Exactly right. I think the critique is that it serves little value in college admissions because aptitude at taking the test is not an indicator of anything else. But IMHO, defining a difficult task and judging people on their ability to prepare for and execute on that difficult task is a useful means of measuring whether that individual is capable of doing that very thing when facing other difficult tasks, as they certainly will at college and in life. That alone has value and relevance in college admissions.
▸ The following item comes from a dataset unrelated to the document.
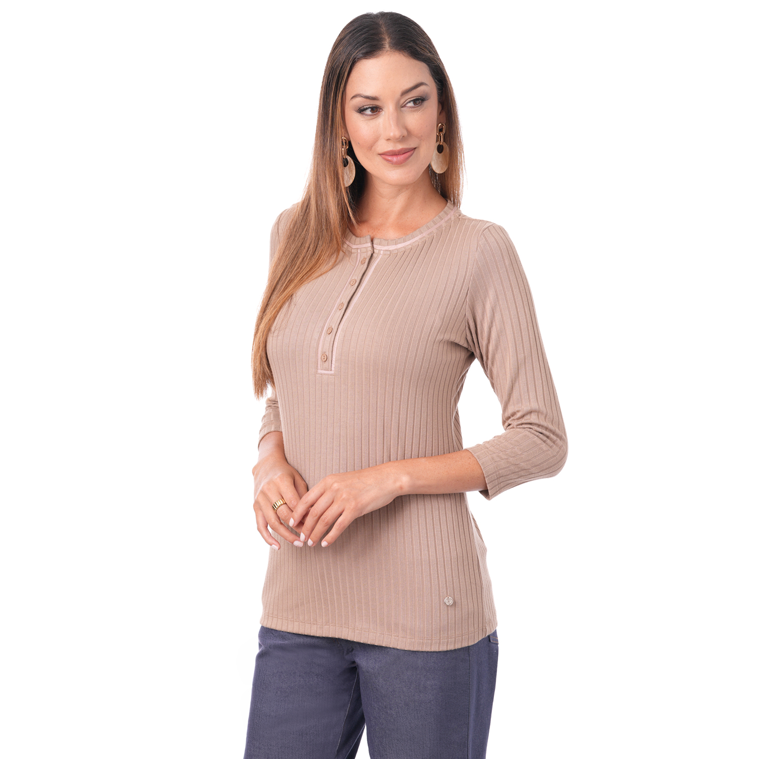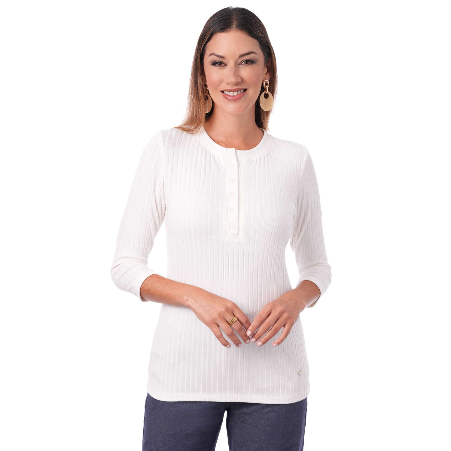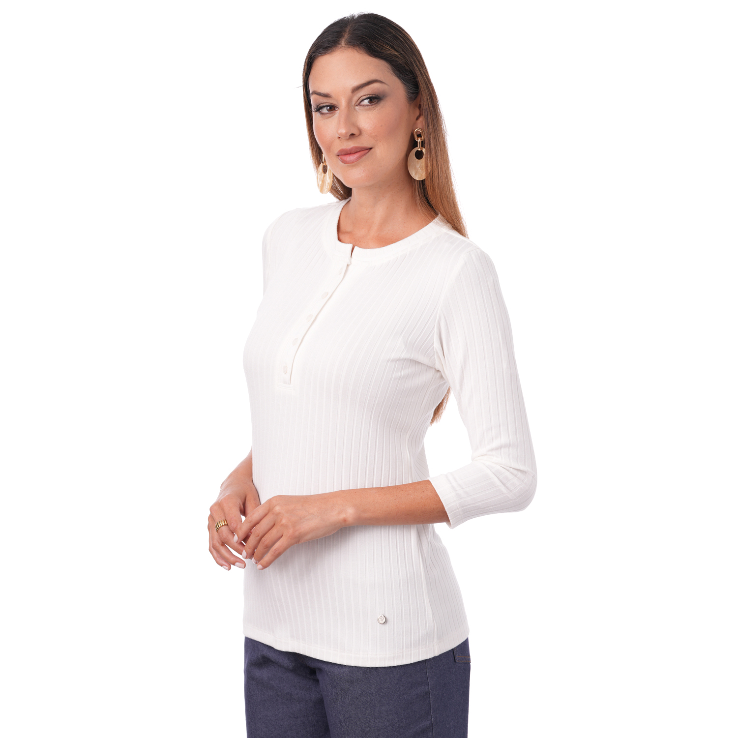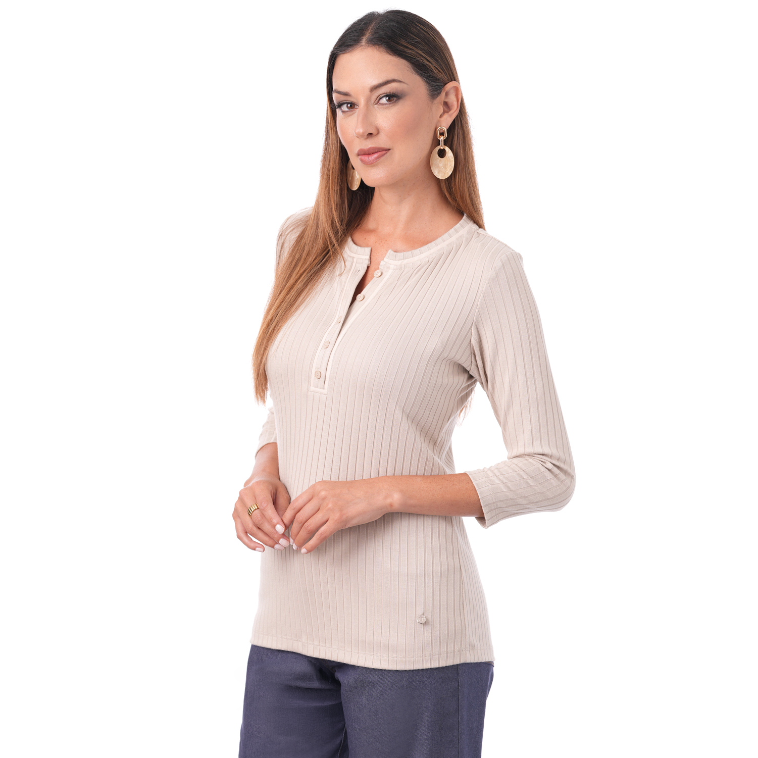 Este polo de color entero y manga 3/4 presenta una silueta sobria y versátil, ideal para un look ordenado y fácil de combinar.
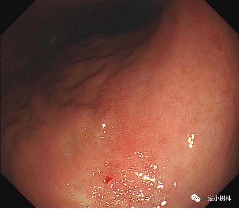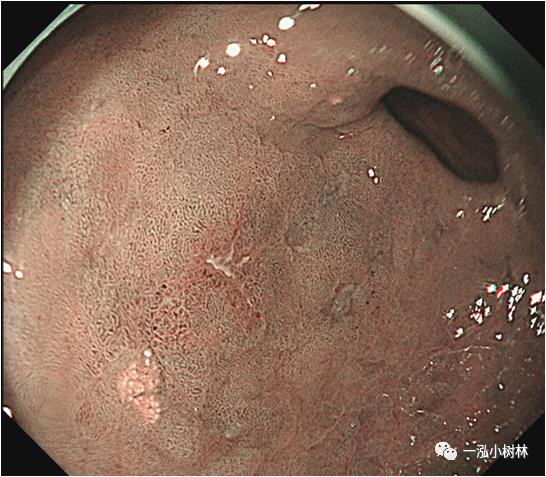 图4a 白光内镜:胃体下部高分化腺癌(Tub1)

It's not a question of whether the score is objective, but whether the score is an unbiased estimator of student quality, whatever that means.


Everything has bias and nobody can agree on what "student quality" means even on a single admissions panel at a single school. Isn't that the whole point of having a wide and varied application? One that has standardized testing, grades throughout school, life experience, extracurricular activities, volunteerism, and more?

Getting rid of one of these because it's easier if you have money (when all of these things are easier if you have money, because life is easier if you have money) is just setting the stage for more explicit bias.


Perhaps you misunderstood my comments as advocacy. I was not, and would advocate for keeping the standardized tests. I was answering someone else's questions about the choice.